##### DATASET RECORDS

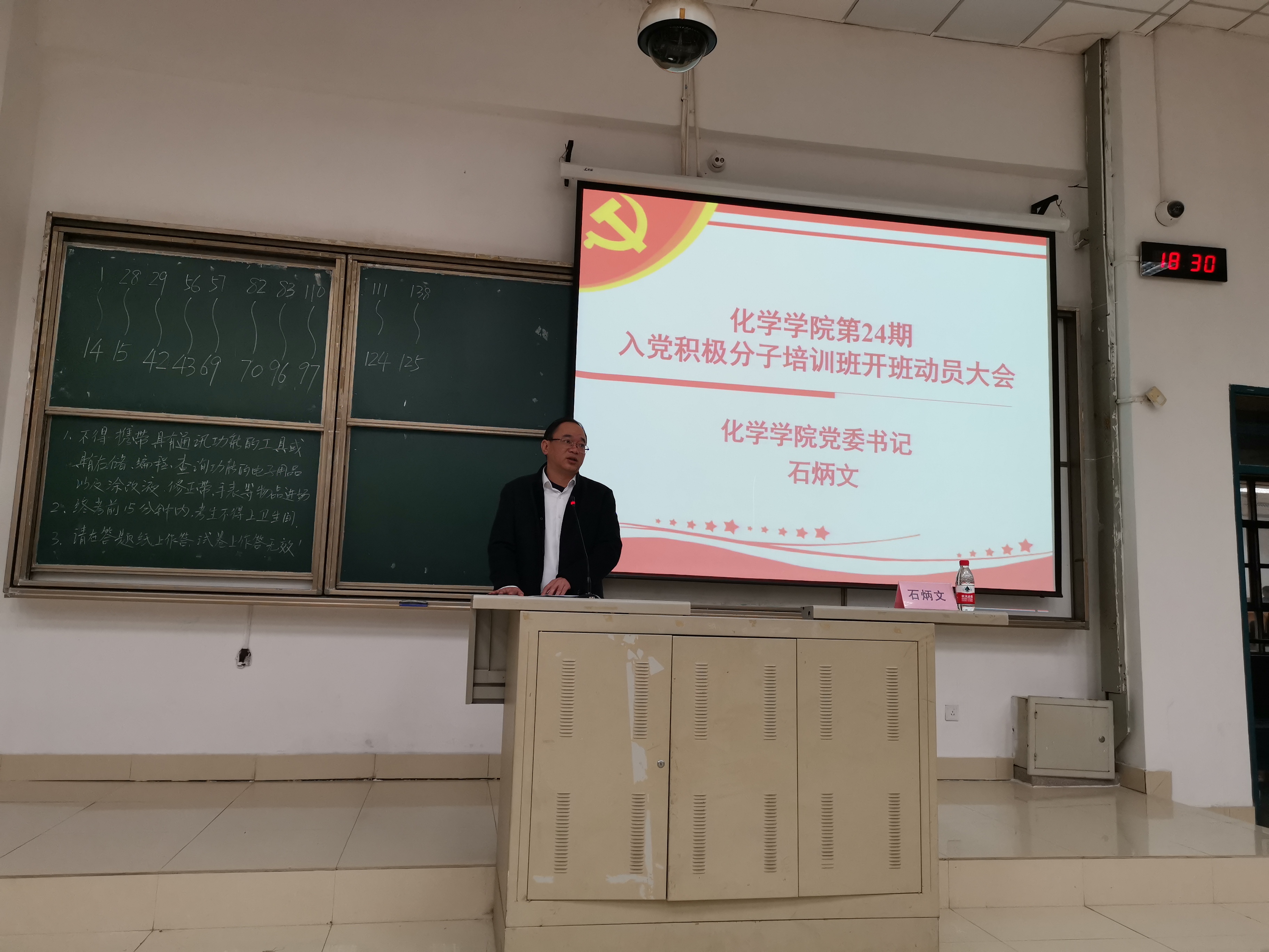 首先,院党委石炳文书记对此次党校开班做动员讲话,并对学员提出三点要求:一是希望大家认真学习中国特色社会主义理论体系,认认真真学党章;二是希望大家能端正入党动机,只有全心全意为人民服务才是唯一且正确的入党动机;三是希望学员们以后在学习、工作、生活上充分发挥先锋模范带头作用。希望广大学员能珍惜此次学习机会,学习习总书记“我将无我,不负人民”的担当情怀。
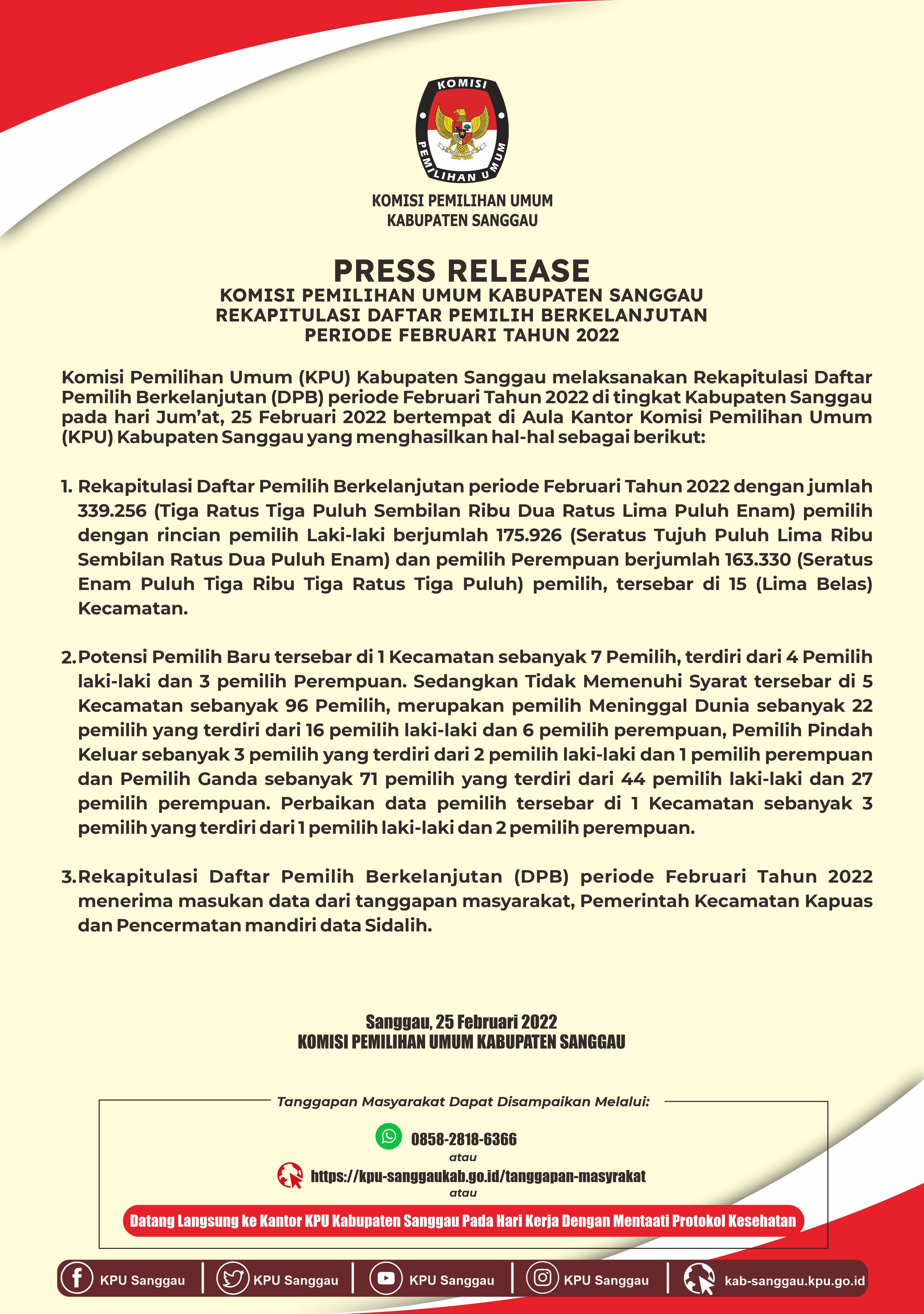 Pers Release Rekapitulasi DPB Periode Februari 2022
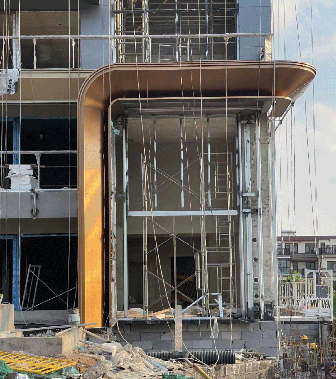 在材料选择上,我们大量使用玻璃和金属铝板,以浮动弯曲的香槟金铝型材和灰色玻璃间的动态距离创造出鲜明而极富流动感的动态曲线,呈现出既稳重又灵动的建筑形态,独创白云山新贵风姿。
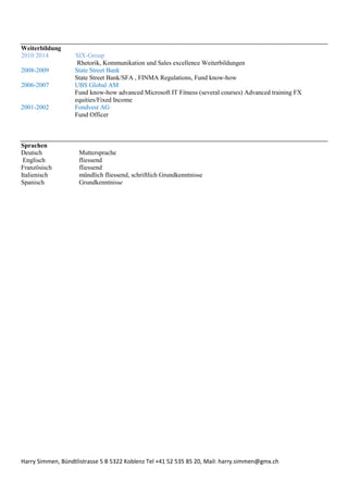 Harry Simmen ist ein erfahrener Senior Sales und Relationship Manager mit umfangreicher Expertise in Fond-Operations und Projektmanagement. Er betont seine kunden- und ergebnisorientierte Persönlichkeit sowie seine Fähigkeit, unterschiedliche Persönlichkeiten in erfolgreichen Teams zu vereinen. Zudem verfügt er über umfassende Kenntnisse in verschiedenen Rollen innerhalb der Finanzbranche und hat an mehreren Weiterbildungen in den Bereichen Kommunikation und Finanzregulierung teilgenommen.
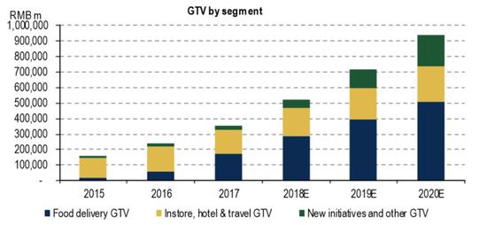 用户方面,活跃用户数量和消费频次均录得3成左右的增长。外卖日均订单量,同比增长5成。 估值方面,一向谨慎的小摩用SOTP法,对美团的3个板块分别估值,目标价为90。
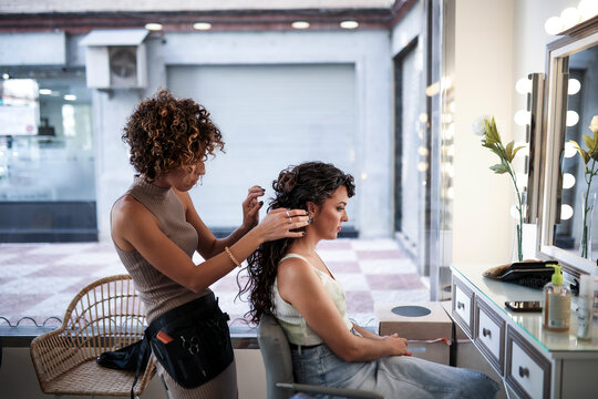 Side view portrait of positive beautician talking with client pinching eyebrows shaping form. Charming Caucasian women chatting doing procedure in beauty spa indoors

##########

Every record, word for word, should be given back without its pictures.

## REPLY
 首先,院党委石炳文书记对此次党校开班做动员讲话,并对学员提出三点要求:一是希望大家认真学习中国特色社会主义理论体系,认认真真学党章;二是希望大家能端正入党动机,只有全心全意为人民服务才是唯一且正确的入党动机;三是希望学员们以后在学习、工作、生活上充分发挥先锋模范带头作用。希望广大学员能珍惜此次学习机会,学习习总书记“我将无我,不负人民”的担当情怀。
 Pers Release Rekapitulasi DPB Periode Februari 2022
 在材料选择上,我们大量使用玻璃和金属铝板,以浮动弯曲的香槟金铝型材和灰色玻璃间的动态距离创造出鲜明而极富流动感的动态曲线,呈现出既稳重又灵动的建筑形态,独创白云山新贵风姿。
 Harry Simmen ist ein erfahrener Senior Sales und Relationship Manager mit umfangreicher Expertise in Fond-Operations und Projektmanagement. Er betont seine kunden- und ergebnisorientierte Persönlichkeit sowie seine Fähigkeit, unterschiedliche Persönlichkeiten in erfolgreichen Teams zu vereinen. Zudem verfügt er über umfassende Kenntnisse in verschiedenen Rollen innerhalb der Finanzbranche und hat an mehreren Weiterbildungen in den Bereichen Kommunikation und Finanzregulierung teilgenommen.
 用户方面,活跃用户数量和消费频次均录得3成左右的增长。外卖日均订单量,同比增长5成。 估值方面,一向谨慎的小摩用SOTP法,对美团的3个板块分别估值,目标价为90。
 Side view portrait of positive beautician talking with client pinching eyebrows shaping form. Charming Caucasian women chatting doing procedure in beauty spa indoors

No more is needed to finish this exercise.